Portal do Programa de Oncobiologia

Programa interinstitucional de ensino, pesquisa e extensão em biologia do câncer

Avaliação dos efeitos da exposição aos BTEXs (benzeno, tolueno, etilbenzeno e xilenos) no genoma e no sistema imunológico dos trabalhadores de postos de combustíveis.

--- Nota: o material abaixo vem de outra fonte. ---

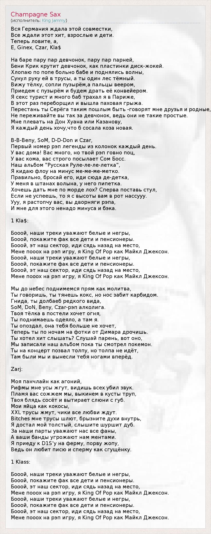 Вся Германия ждала этой совместки, Все ждали этот хит, взрослые и дети. Теперь ловите, а, Е, Ginex, Czar, Kla$ На баре пару пар девчонок, пару пар парней, Бени Крик крутит девчонок, как пластинки диск-жокей. Хлопаю по попе больно бабе и поднялись волны, Сунул руку ей в трусы, а ты один лес тёмный. Вижу тёлку, сопли пузырём,а пальцы веером, Приедем с пузырём и будем драть её конвейером. Я секс турист и много баб трахал я в Париже, В этот раз переборщил и вышла паховая грыжа. Перестань ты Серёга таким пошлым быть -говорят мне друзья и родные, Не переживайте вы так за девчонок, ведь они не такие простые. Мне плевать на Дон Хуана или Казанову, Я каждый день хочу,что б сосала коза новая. B-B-Beny, SoM, D-D-Don и Czar, Первый номер рэп легенды из колонок каждый день. У вас дома! Вас много, но твой рэп говно поц, У вас кома, вас строго посылает Сом Босс. Наш альбом "Русская Руле-ле-ле-летка", Я кидаю флоу на минус ме-ме-ме-метко. Правильно, бросай его, иди сюда де-детка, У меня в штанах волына, у него пипетка. Хочешь дать мне по морде лох? Сперва поставь стул, Если не успеешь, то я с высоты вам в рот нассууу. Ууу, я растопчу вас, вы дворняги рэпа, И мне для этого ненадо минуса и бэка. 1 Kla$: Бооой, наши треки уважают белые и негры, Бооой, покажите фак все дети и пенсионеры. Бооой, эт наш сектор, иди сядь назад на место, Мене пооох на рэп игру, я King Of Pop как Майкл Джексон. Бооой, наши треки уважают белые и негры, Бооой, покажите фак все дети и пенсионеры. Бооой, эт наш сектор, иди сядь назад на место, Мене пооох на рэп игру, я King Of Pop как Майкл Джексон. Мы до небес поднимемся прям как молитва, Ты говоришь, ты тянешь кокс, но нос забит карбидом. Гнида, ты долбаеб редкого вида, SoM, DoN, Beny, Czar-рэп алколига. Твоя тёлка в постели хочет огня, Ты поднимаешь одеяло, а там я. Ты опоздал, она тебя больше не хочет, Теперь ты по ночам на фотки от Димара дрочишь. Ты хотел хит слышать? Слушай парень, вот оно, Мы записали наш альбом пока ты смотрел покемон. Ты на концерт позвал толпу, но толпа не идёт, Там были мы и вынесли тебя ногами вперёд. Zarj: Моя панчлайн как агоний, Рифмы мне усы жгут, видишь всех убил звук. Пламя вас сожжем мы, выкинем в кусты труп, Твоя блядь сосёт и вытирает слюни с губ. Мои яйца как кокосы, XXL трусы жмут, чики все любви ждут. Bitches мне трусы шлют, брызните духи внутрь, Я достал мой толстый, слышите шуршит дуб. За наши парты уважают нас все фаны, А ваши банды угрожают нам ментами. Я приеду к D1S'у на ферму, порву жопу, Ведь он любит писю и сперму как сгущёнку. 1 Klass: Бооой, наши треки уважают белые и негры, Бооой, покажите фак все дети и пенсионеры. Бооой, эт наш сектор, иди сядь назад на место, Мене пооох на рэп игру, я King Of Pop как Майкл Джексон. Бооой, наши треки уважают белые и негры, Бооой, покажите фак все дети и пенсионеры. Бооой, эт наш сектор, иди сядь назад на место, Мене пооох на рэп игру, я King Of Pop как Майкл Джексон.

Coordenadora: Maria Helena Faria Ornellas de Souza

Colaboradores:
Nadezda Kosyakova (Universidade Jena, Alemanha)
Thomas Liehr (Universidade Jena, Alemanha)

Equipe:
Pós-Doutores:
Maria da Gloria da Costa Carvalho
Marilza de Moura Ribeiro Carvalho

Doutores:
Adriano Arnóbio José da Silva e Silva
Dirce Bonfim de Lima
Gilda Alves Brown

Doutorandos:
Fábio Santiago Figueredo
Lucas Delmonico Rodrigues da Silva
Simone Lima de Souza

Mestres:
Carolina de Andrade Leite
Diogo Antonio Valente Ferreira
Gabriel de Carvalho Maldonado
Marianne de Medeiros Tabalipa
Orlando Nascimento Terra Junior

Mestrandos:
Vinicius da Cunha Lisboa

Graduados:
Karina Vieira de Melo
Rafaele Tavares Silvestre

Graduandos:
Maryah Bravo Gonçalves

A mistura da gasolina contém benzeno, tolueno, etilbenzeno e xilenos (BTEXs) que são substâncias tóxicas e podem causar câncer. No Brasil há cerca de 500 mil empregados nos postos de gasolina, segundo o sindicato da classe. Além do número expressivo, eles trabalham em diversas tarefas, o que aumenta a carga horária e o tempo de exposição ao benzeno, tolueno, etilbenzeno e xilenos.

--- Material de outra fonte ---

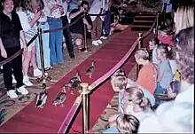 In 1940, a bellman by the name of Edward Pembroke volunteered to care for the ducks. Pembroke was given the position of "Duckmaster" and served in that position until 1991. As a former circus animal trainer, he taught the ducks to march into the hotel lobby, which started the famous Peabody Duck March.[1] Every day at 11:00 a.m., the Peabody Ducks are escorted from their penthouse home, on the Rooftop, to the lobby via elevator. The ducks, accompanied by the King Cotton March by John Philip Sousa, then proceed across a red carpet to the hotel fountain, made of a solid block of Italian travertine marble. The ducks are then ceremoniously led back to their penthouse at 5:00 p.m.[8]

O benzeno possui efeito de desenvolver câncer, mesmo em baixas concentrações (8-10). Os estudos genéticos em células do sangue periférico indicam que indivíduos expostos a agentes que causam câncer apresentam frequências elevadas de alterações nos cromossomos (11-15).

A nossa investigação mostrou que trabalhadores de postos de gasolina podem possuir alterações cromossômicas em número mais elevado por conta da exposição ao BTEXs. Um grupo de frentistas teve o sangue periférico coletado e através da técnica de pintura de cromossomos foi realizada a análise citogenética dos cromossomos. O sangue desses trabalhadores também está sendo monitorado por exames de laboratório de rotina e estudo de subpopulações no sangue. (15) Os polimorfismos genéticos, que são as variações genéticas interindividuais já estão sendo avaliados por alunos de mestrado e doutorado. Eles constituem um desafio às medidas de prevenção e de controle da exposição de trabalhadores (17-18). Aspectos desta variabilidade devem ser considerados durante a execução e interpretação de programas de monitorização de populações expostas às substâncias genotóxicas (18). Além disso, as presenças de material nuclear nas hemácias estão sendo avaliados e foi tema de um manuscrito submetido (19). O teste do Cometa está em processo de desenvolvimento e padronização no laboratório e deverá ser assunto de dissertação de mestrado (Melo KV).